Human Rights & Public Liberties

Human Rights & Public Liberties

Newsletter
13 Jan, 2021

The UN Accuses World Leaders of Threatening Civilisational Annihilation

7 April, 2026

The language of apocalypse has entered the diplomatic mainstream. Volker Türk, the United Nations High Commissioner for Human Rights, issued a stark rebuke on Tuesday, warning that threats to annihilate entire civilisations and target civilian infrastructure cross from belligerent rhetoric into the realm of international criminality. His statement, pointedly addressed to “all parties”, left little ambiguity about its principal target.

The backdrop is a conflict of alarming breadth. A crisis ignited by American and Israeli strikes on Iran, and Iran’s counterstrikes, has been spreading across the Middle East, causing significant damage in Iran, Israel and at least a dozen other countries, mostly in the Gulf, with risks of major economic and environmental ramifications across the world. The UN assesses the war has already caused some $63 billion in economic losses across the Arab region.

Mr Trump, whose taste for theatrical ultimatums has defined his return to the presidency, ratcheted up the pressure on Tehran by vowing the “complete demolition” of critical infrastructure, including bridges and power plants, if Iran failed to agree a deal by late Tuesday. On Truth Social, he warned that “a whole civilisation will die tonight, never to be brought back again.” Hours before his own deadline expired, the Israeli military announced it had already executed a broad wave of strikes on infrastructure sites across Iran.

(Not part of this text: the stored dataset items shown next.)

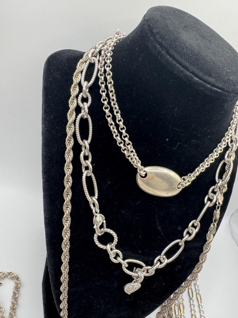 Lot # 34 - Mixed Sterling Silver Necklace Chains w/ Judith Ripka Pendant 269.59g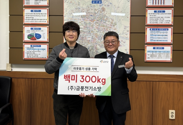 이기영 금산읍장은 “우리 주변의 이웃들을 위해 따뜻한 나눔을 실천하신 ㈜금풍전기소방에 깊이 감사드린다”며 “이웃을 생각하는 따뜻한 마음이 어르신들께 전해질 수 있도록 경로당에 잘 전달하겠다”고 말했다.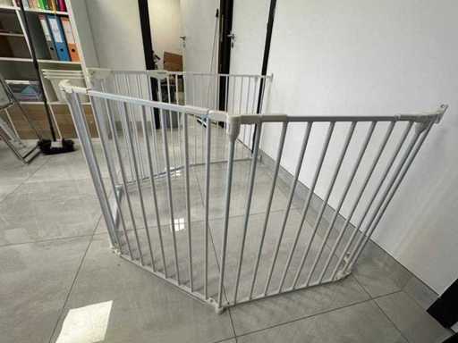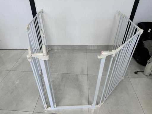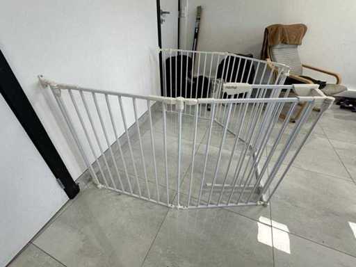 Peut être configuré de façon modulaire sous différentes formes (boîte, demi-cercle, unité d’angle, séparateur de pièce). Comprend un panneau de porte avec serrure de sécurité. Des supports muraux disponibles. Des barres métalliques solides. Adapté aux bébés et aux tout-petits

Türk did not name Trump, nor the other belligerents in a conflict that began on February 28th. But his meaning was plain. He said he deplored “the tirade of incendiary rhetoric being used in the Middle East war over the last couple of weeks by all parties,” singling out “the latest threats to annihilate a whole civilisation and to target civilian infrastructure.” He called such statements “sickening,” and warned that following through on them “amounts to the most serious international crimes.” Under international law, he noted, deliberately attacking civilians and civilian infrastructure constitutes a war crime, and anyone responsible must be held to account by a competent court.

Türk has previously noted that American and Israeli attacks are hitting homes, hospitals, schools and cultural sites in Iran, while Iranian attacks are striking energy and water infrastructure in Gulf Arab countries, with many strikes raising serious concerns under international law. Iranian drones and missiles have struck or been intercepted near hotels, airports, diplomatic premises, ports, tankers and energy facilities, causing deaths, injuries, and disruption to aviation and shipping.

The humanitarian picture is equally grim. More than 202,400 people have been forced to flee Lebanon for Syria, among them 3,100 pregnant women, entering a country still shattered by 15 years of war, with families eking out an existence in overcrowded, overstretched temporary shelters lacking adequate food, medicine and sanitation.

The suppression of dissent has accompanied the bombs. Around 3,000 people have reportedly been arrested in the first month of the war across the region. In Iran, an internet blackout now entering its fifth week represents one of the most severe countrywide shutdowns ever recorded globally, as pervasive interrogation and intimidation of civilians by heavily armed security forces continue to be reported. Eight executions have been reported, three linked to the nationwide protests of January 2026, with dozens of others convicted, including children, facing a similar fate.

Türk closed with a demand that the international community take urgent steps to de-escalate and protect civilian lives. In a war where the protagonists have already moved from targeting soldiers to threatening to erase civilisations, whether the community of nations retains either the will or the mechanism to do so remains gravely uncertain.